Heat loss from big corporate projects
Years ago, I wrote about something I had learned in "corporate America". It was called the "buckets of money" situation. It refers to how sufficiently large companies might move costs around. Team A might decide to stop providing some service, which saves them money, but then team B has to ramp up and deal with it, which then costs them more money. A might be doing better, but B is doing worse, and so it's a wash for the company itself. No real money has been saved.
That was five years ago. Since then, I've learned some more things. Specifically, not only do you have the aforementioned problem of just moving costs around and not necessarily getting a win, you also have a new problem: heat loss. This is where the very act of moving things around costs energy, and just like heat loss in the real world of science, it escapes from the system. This is something you can't get back once you spend it.
To bring back the old analogy, let's say instead of buckets of money, we have tanks of water. Both of them have 50 units (gallons, liters, whatever you like) of water in them at the moment. Together, they provide 100 units of service to the customer.
One day, someone at the water company decides they want to move it around. Maybe they want to make their tank weigh less. Who knows. But they adjust the balance and now their tank only holds 25 units, while the other one picks up the slack at 75 units. Together, they still hold the same 100 units for the customers, but what actually happened?
The process of changing the system to have a new balancing point took work. It involved investments of engineer time, design work, tech writers and documentation changes, and all kinds of other "meta" stuff. That is in addition to the actual cost of pumping the water from one tank to the other. This is something that would come up any time the system is rebalanced, and once spent, you can't get it back.
In the tech world, this might be what happens when the hardware provider says that you are now going to have half the disk space in next year's machines. Instead, they will have network storage available. This saves a lot of money on hardware, but now the software people have to adapt. They wind up designing some kind of more efficient scheme to fit onto the smaller machines, and in the end, the system runs, and outwardly, it looks the same.

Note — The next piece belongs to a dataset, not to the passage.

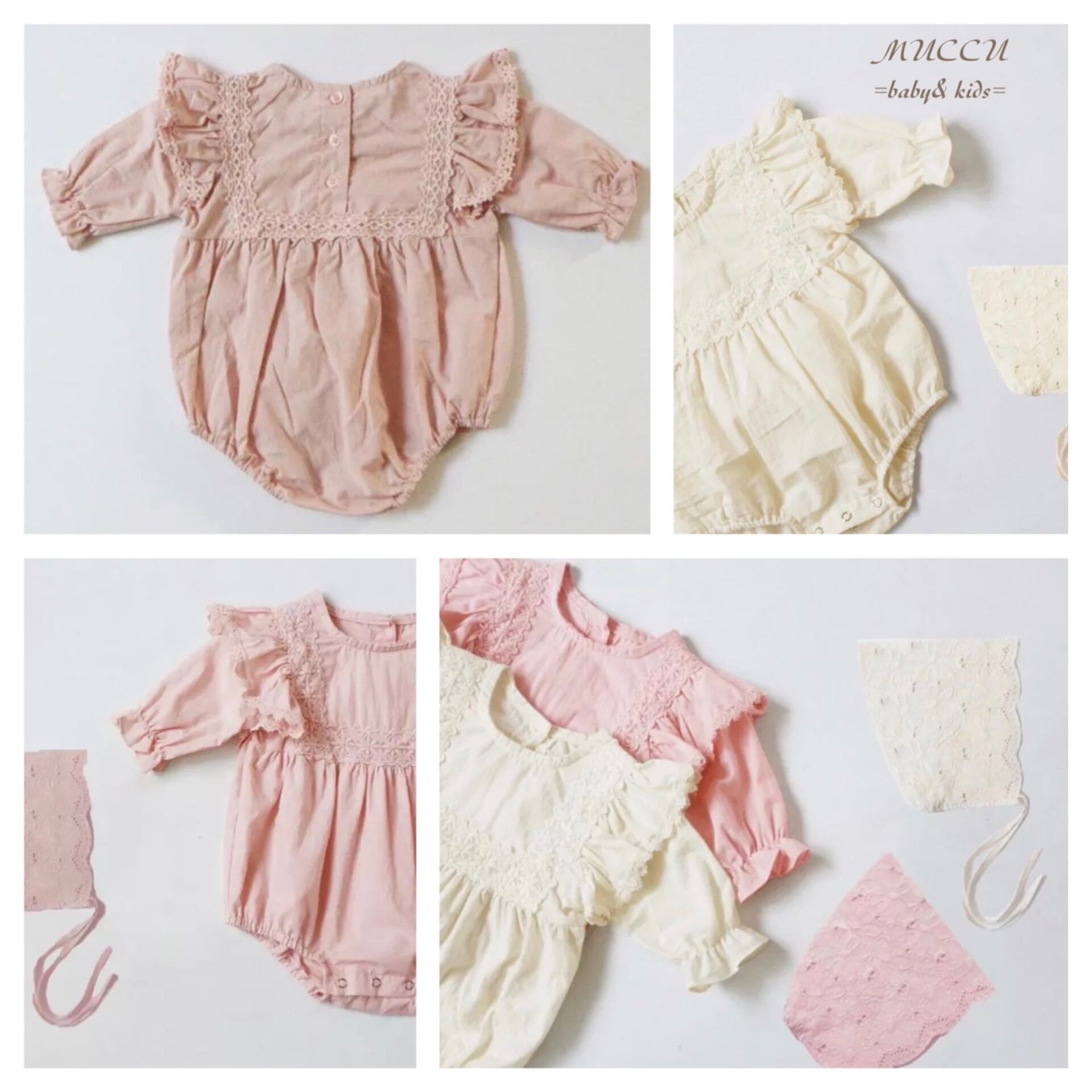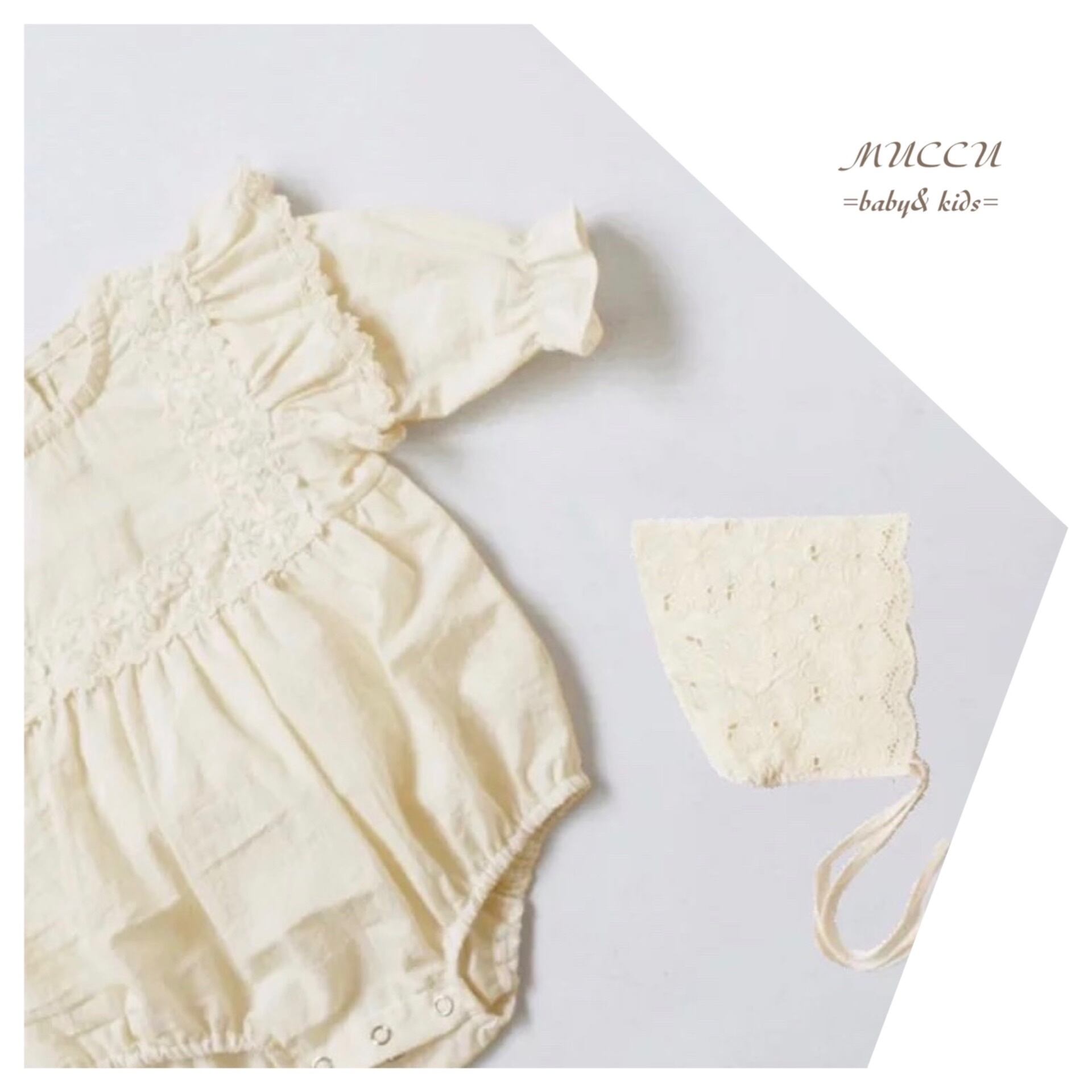 送料無料!【予約販売】可愛いが詰まったセット♡ レース フリル ロンパース + ボンネット 66cm 〜90cm 赤ちゃん 女の子 姉妹 双子 お誕生日 ハーフバースデー 結婚式 お出掛けコーデ | MUCCU =baby&kids=
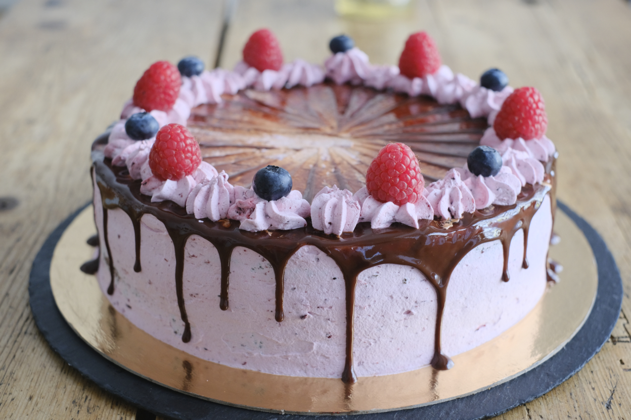 Saftiger Schokoladenteig wird durch eingebackene Waldbeeren ergänzt und trifft auf eine fruchtig-säuerliche Waldbeercreme.

However, a lot of engineers had to spend a lot of time to rebalance the system that way. Someone had to notice the problem and call time out, then someone had to analyze disk space usage to find out how bad it would be, and then come up with a way around it. Then other folks had to code it up, test it, roll it out, and switch everything else onto it. The time spent doing that was time not spent doing other things. That's time and energy the engineers and company as a whole never gets back.

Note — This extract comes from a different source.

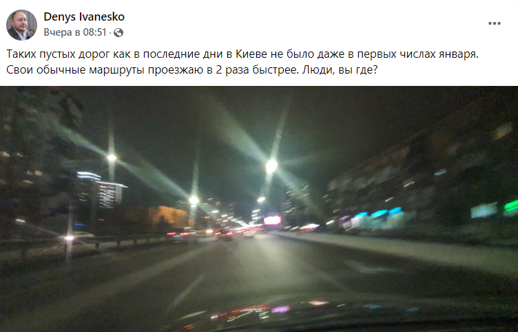 "Таких пустых дорог как в последние дни в Киеве не было даже в первых числах января. Свои обычные маршруты проезжаю в 2 раза быстрее. Люди, вы где?", - написал вчера утром журналист Денис Иванеско.
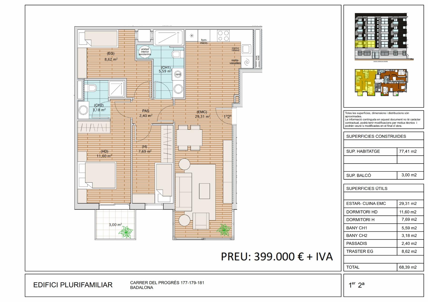 - Primero 2ª de 77,41m2 de 3 habitaciones y 2 baños por 395.000 euros + IVA

This is why I warn people about a change to a system which is only supposed to move things around but which by itself does not introduce any particular advantages. If there's no obvious win from the proposed environment, then it's not actually a "wash" as some might say. It's really a net loss of energy and opportunities because of the work required to convert from the old system to the new.
There is one more insidious part of projects like these: they create work for people. Those people can work their tails off and deliver this stuff which does the same service outwardly but with a different balancing point. Nothing improves for the customers or even the system administrators. It might even get worse in some dimensions. But, it kept them busy, and let them show off, and they can take that all the way to the bank by way of a performance review system that optimizes for Shiny New Things.
Some would say this has already happened.